-------- Records provided

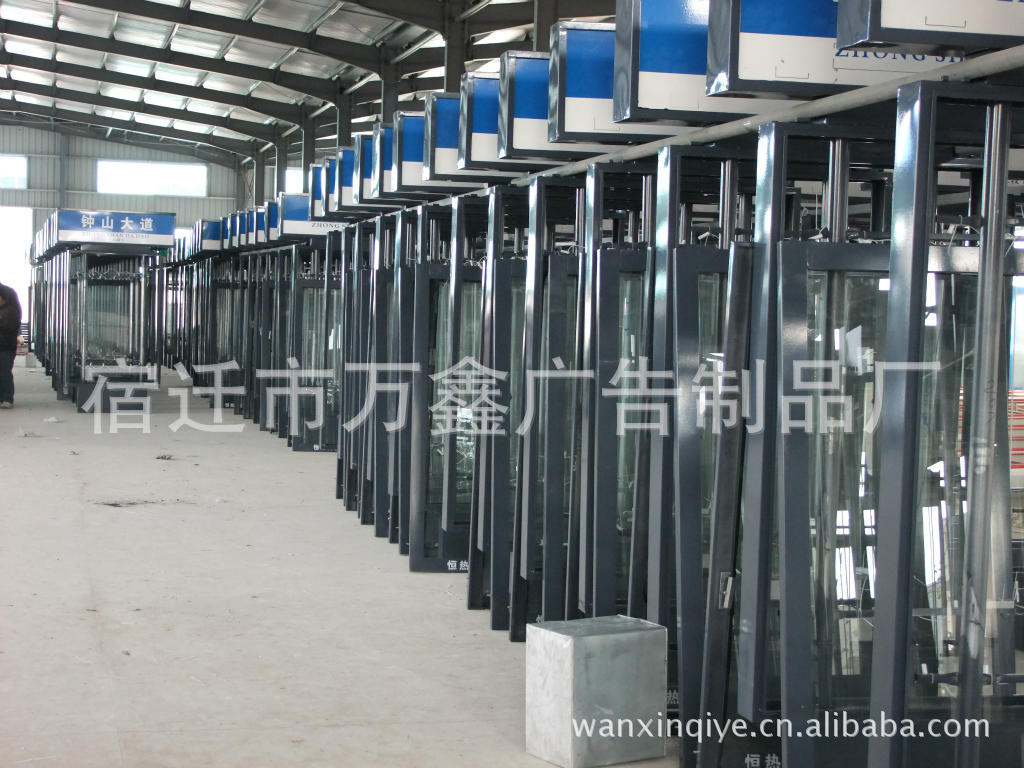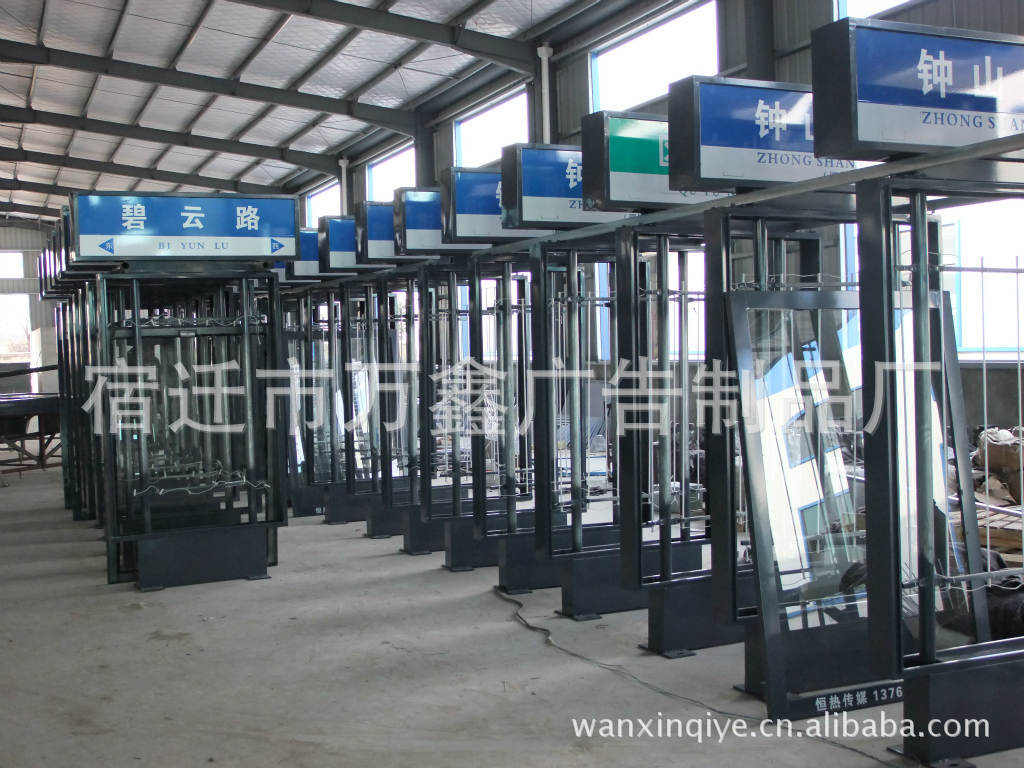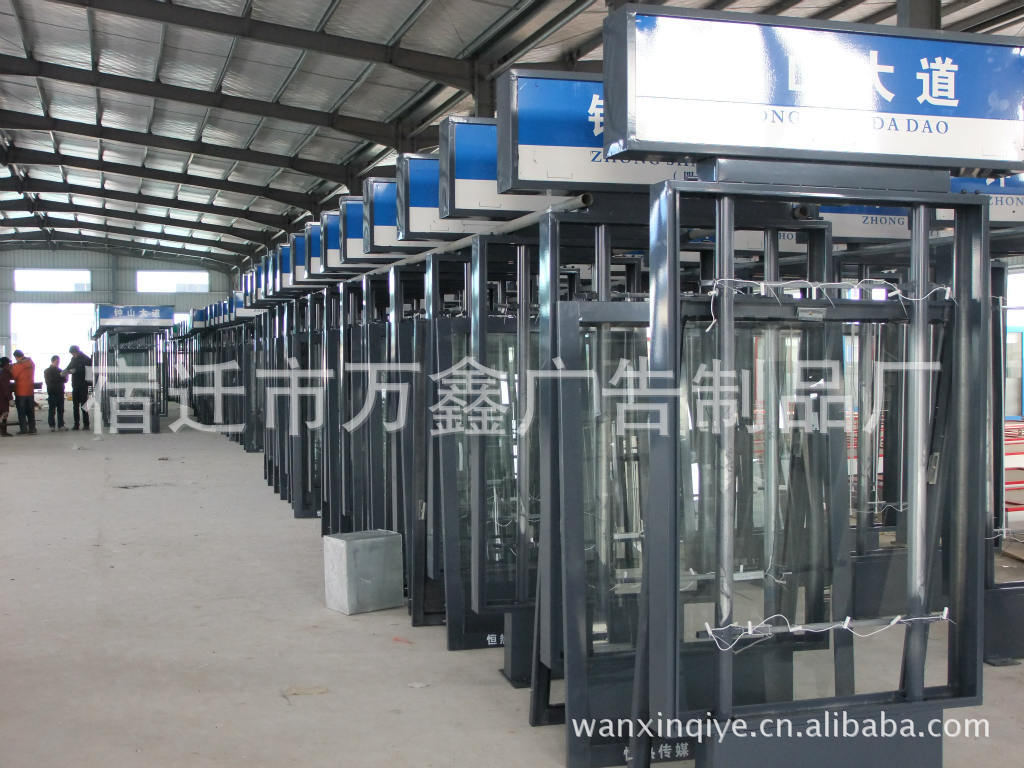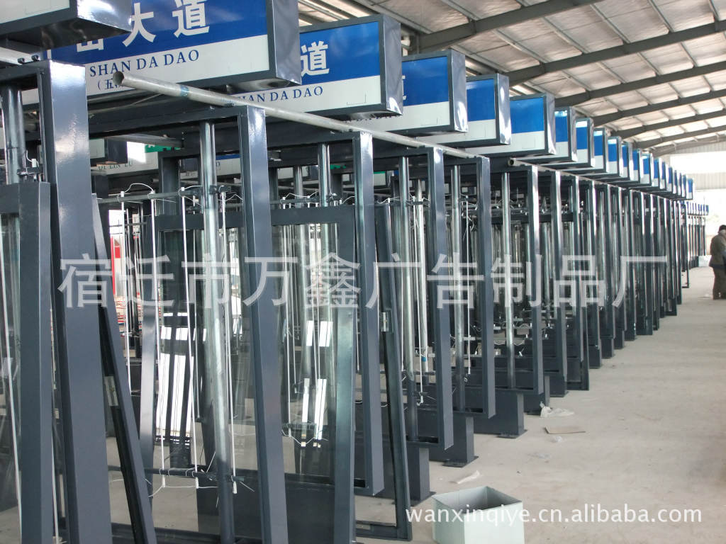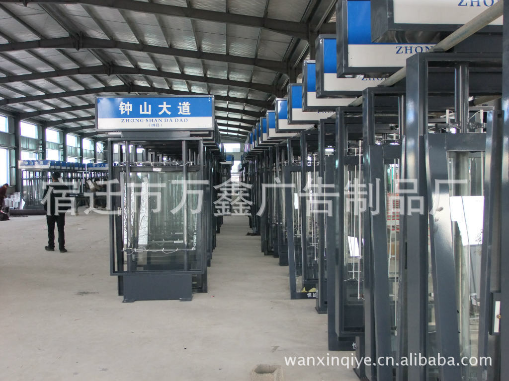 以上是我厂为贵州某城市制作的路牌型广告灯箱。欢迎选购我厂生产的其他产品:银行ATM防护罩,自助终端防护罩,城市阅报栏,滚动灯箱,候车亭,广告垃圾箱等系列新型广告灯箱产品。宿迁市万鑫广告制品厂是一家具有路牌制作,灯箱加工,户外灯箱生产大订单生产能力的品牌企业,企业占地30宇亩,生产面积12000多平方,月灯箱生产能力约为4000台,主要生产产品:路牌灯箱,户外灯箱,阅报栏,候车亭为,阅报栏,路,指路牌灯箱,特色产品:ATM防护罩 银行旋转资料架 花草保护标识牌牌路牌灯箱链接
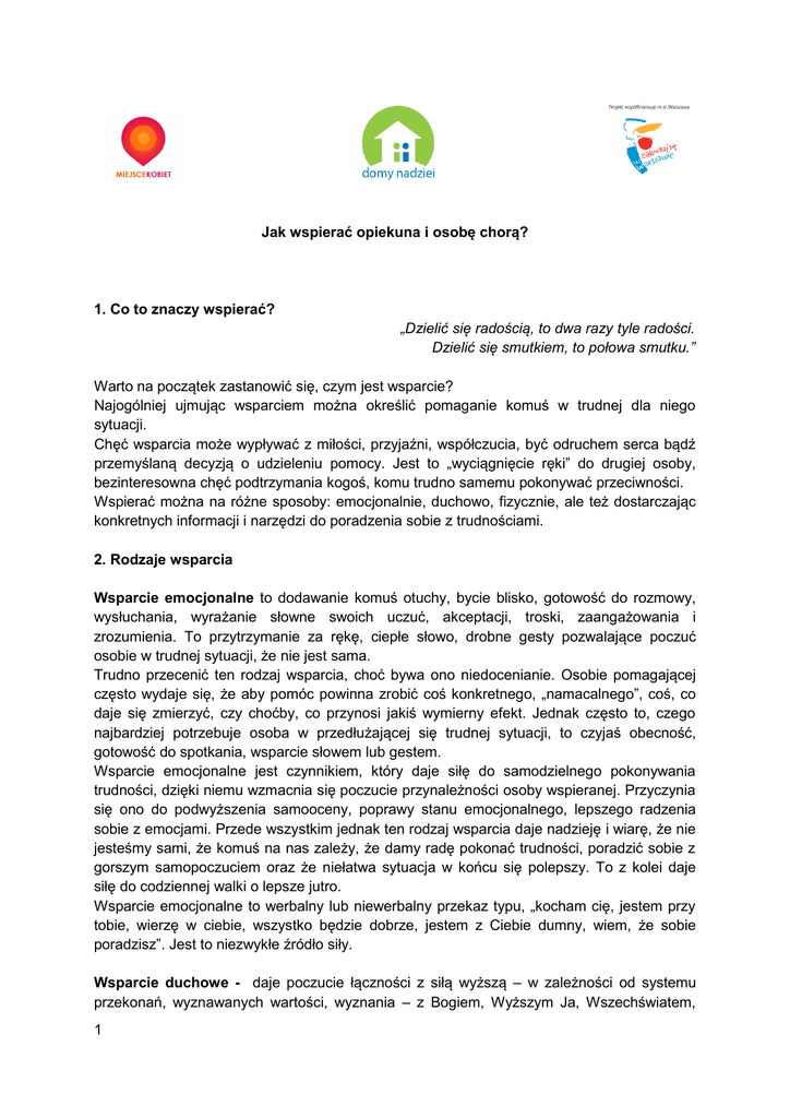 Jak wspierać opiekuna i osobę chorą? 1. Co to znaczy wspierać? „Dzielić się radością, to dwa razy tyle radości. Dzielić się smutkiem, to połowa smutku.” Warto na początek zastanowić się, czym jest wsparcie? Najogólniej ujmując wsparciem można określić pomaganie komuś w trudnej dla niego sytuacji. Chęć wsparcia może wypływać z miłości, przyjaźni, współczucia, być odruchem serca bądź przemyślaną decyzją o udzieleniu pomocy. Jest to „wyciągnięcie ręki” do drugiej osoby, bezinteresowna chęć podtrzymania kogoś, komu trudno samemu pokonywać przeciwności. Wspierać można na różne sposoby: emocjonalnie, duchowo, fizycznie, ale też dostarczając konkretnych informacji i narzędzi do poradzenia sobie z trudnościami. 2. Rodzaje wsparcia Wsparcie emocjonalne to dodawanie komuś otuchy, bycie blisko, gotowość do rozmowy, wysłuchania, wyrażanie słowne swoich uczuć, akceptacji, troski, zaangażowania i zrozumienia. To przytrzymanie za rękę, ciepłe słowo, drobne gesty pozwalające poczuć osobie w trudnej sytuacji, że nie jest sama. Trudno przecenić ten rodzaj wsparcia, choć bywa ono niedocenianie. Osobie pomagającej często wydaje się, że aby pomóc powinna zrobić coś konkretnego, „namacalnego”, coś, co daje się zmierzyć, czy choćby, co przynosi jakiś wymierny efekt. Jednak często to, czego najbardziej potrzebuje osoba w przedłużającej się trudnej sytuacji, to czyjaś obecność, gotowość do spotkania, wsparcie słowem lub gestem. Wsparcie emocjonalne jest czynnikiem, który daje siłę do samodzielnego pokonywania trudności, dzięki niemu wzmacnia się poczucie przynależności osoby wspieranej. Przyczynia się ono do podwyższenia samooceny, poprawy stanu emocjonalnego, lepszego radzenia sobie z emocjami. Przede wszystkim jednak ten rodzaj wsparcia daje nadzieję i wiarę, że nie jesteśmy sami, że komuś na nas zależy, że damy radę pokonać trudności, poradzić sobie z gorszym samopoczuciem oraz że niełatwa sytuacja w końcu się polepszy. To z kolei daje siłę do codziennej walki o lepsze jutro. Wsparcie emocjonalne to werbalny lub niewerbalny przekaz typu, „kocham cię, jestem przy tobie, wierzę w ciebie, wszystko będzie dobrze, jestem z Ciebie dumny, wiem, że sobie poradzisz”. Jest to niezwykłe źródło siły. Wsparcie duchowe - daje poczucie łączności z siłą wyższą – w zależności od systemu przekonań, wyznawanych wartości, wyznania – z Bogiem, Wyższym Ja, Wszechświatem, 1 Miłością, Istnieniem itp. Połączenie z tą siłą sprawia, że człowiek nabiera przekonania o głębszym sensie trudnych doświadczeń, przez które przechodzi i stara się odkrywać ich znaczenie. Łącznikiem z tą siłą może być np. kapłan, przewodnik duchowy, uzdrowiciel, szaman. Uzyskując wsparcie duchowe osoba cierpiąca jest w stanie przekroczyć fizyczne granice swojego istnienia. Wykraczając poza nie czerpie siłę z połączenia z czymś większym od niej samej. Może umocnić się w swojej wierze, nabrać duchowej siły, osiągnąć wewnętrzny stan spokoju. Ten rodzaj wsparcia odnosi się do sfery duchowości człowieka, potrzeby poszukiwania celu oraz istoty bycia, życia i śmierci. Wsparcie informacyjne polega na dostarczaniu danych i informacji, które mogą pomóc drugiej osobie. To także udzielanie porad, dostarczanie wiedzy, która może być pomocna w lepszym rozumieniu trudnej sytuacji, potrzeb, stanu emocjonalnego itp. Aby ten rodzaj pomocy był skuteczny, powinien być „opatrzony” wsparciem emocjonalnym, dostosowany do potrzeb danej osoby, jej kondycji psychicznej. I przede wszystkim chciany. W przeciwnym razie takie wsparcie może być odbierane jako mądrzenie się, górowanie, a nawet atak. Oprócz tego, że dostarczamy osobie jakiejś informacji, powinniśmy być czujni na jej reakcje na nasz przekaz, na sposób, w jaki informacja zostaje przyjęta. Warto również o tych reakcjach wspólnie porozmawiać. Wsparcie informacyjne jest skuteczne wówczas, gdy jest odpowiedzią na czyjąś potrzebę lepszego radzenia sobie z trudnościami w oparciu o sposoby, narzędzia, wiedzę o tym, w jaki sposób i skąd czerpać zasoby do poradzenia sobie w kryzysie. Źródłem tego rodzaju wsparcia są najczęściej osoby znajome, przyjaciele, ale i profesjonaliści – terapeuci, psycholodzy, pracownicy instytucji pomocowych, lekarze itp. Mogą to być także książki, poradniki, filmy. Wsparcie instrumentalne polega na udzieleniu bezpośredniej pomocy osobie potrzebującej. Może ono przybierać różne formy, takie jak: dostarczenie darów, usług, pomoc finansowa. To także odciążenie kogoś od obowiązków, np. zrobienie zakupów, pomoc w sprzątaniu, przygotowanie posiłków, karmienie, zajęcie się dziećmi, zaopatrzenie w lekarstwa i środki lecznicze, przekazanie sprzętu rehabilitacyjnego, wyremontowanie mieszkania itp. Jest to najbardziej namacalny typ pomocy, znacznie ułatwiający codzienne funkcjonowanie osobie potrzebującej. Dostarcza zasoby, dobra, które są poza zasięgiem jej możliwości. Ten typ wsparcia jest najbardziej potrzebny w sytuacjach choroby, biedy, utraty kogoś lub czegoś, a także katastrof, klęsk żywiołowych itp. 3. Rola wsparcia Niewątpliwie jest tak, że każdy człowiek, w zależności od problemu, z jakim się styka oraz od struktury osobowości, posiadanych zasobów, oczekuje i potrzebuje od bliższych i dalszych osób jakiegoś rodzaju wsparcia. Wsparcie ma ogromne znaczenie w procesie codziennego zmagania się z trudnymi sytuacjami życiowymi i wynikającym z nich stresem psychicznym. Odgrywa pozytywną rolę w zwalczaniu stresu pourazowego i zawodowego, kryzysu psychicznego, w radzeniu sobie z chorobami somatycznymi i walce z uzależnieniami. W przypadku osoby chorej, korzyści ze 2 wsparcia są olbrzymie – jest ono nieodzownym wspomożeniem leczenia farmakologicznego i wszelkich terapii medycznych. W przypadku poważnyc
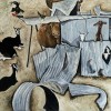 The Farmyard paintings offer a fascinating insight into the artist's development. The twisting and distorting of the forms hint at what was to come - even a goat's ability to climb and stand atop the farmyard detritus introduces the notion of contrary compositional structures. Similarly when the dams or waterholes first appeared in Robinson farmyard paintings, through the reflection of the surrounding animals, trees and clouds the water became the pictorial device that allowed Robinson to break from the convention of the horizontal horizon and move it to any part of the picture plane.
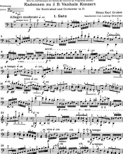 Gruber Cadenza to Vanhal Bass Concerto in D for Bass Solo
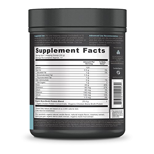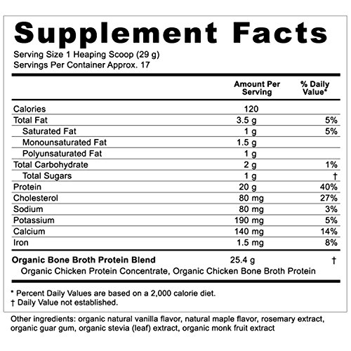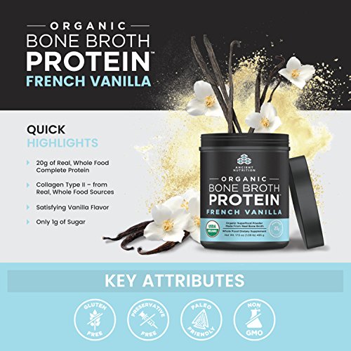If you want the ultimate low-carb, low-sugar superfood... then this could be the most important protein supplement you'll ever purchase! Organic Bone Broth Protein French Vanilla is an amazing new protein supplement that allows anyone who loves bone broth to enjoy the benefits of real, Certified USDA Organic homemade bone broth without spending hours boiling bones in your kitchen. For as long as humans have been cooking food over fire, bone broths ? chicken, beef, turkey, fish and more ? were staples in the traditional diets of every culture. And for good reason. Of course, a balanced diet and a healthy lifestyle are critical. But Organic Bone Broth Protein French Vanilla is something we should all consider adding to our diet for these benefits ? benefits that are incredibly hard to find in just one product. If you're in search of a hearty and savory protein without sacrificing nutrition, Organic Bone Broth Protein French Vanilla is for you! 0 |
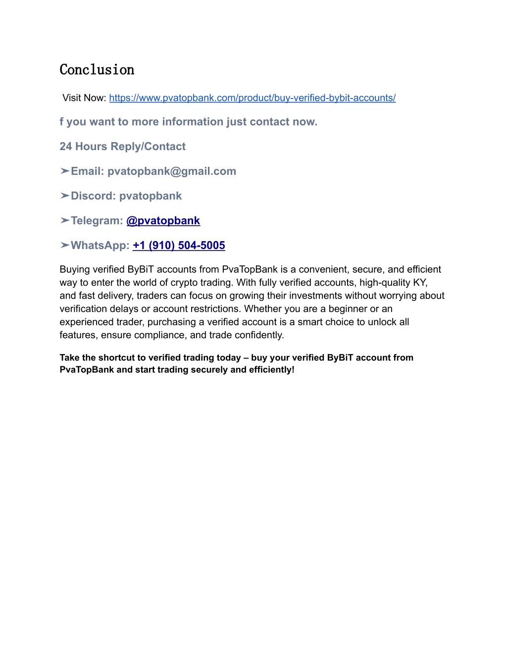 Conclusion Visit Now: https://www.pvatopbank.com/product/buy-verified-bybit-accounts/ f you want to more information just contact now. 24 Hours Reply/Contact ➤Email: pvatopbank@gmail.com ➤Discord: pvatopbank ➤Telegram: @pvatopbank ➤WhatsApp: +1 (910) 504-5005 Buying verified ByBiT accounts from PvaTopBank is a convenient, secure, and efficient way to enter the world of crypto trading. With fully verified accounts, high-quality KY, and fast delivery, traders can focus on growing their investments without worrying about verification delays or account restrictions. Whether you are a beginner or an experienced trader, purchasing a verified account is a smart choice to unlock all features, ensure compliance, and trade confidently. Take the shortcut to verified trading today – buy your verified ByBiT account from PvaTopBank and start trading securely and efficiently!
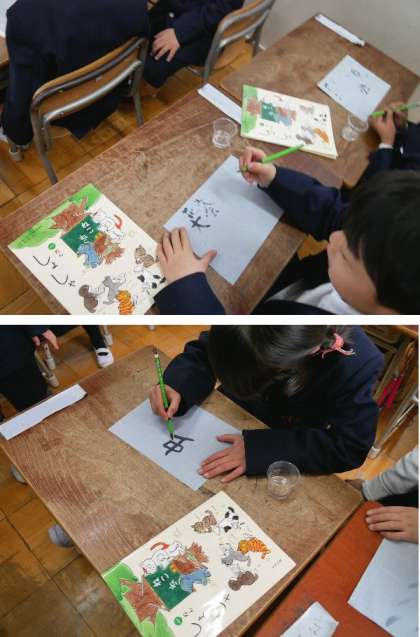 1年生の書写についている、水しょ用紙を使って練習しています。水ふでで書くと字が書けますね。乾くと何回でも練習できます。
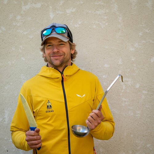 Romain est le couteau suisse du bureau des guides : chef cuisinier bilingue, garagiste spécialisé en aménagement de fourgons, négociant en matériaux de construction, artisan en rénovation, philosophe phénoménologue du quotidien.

----------------

Copy the lines above between the one holding "The Farmyard paintings" and the one holding "If you want", inclusive. Drop the pictures.

 The Farmyard paintings offer a fascinating insight into the artist's development. The twisting and distorting of the forms hint at what was to come - even a goat's ability to climb and stand atop the farmyard detritus introduces the notion of contrary compositional structures. Similarly when the dams or waterholes first appeared in Robinson farmyard paintings, through the reflection of the surrounding animals, trees and clouds the water became the pictorial device that allowed Robinson to break from the convention of the horizontal horizon and move it to any part of the picture plane.
 Gruber Cadenza to Vanhal Bass Concerto in D for Bass Solo
If you want the ultimate low-carb, low-sugar superfood... then this could be the most important protein supplement you'll ever purchase! Organic Bone Broth Protein French Vanilla is an amazing new protein supplement that allows anyone who loves bone broth to enjoy the benefits of real, Certified USDA Organic homemade bone broth without spending hours boiling bones in your kitchen. For as long as humans have been cooking food over fire, bone broths ? chicken, beef, turkey, fish and more ? were staples in the traditional diets of every culture. And for good reason. Of course, a balanced diet and a healthy lifestyle are critical. But Organic Bone Broth Protein French Vanilla is something we should all consider adding to our diet for these benefits ? benefits that are incredibly hard to find in just one product. If you're in search of a hearty and savory protein without sacrificing nutrition, Organic Bone Broth Protein French Vanilla is for you! 0 |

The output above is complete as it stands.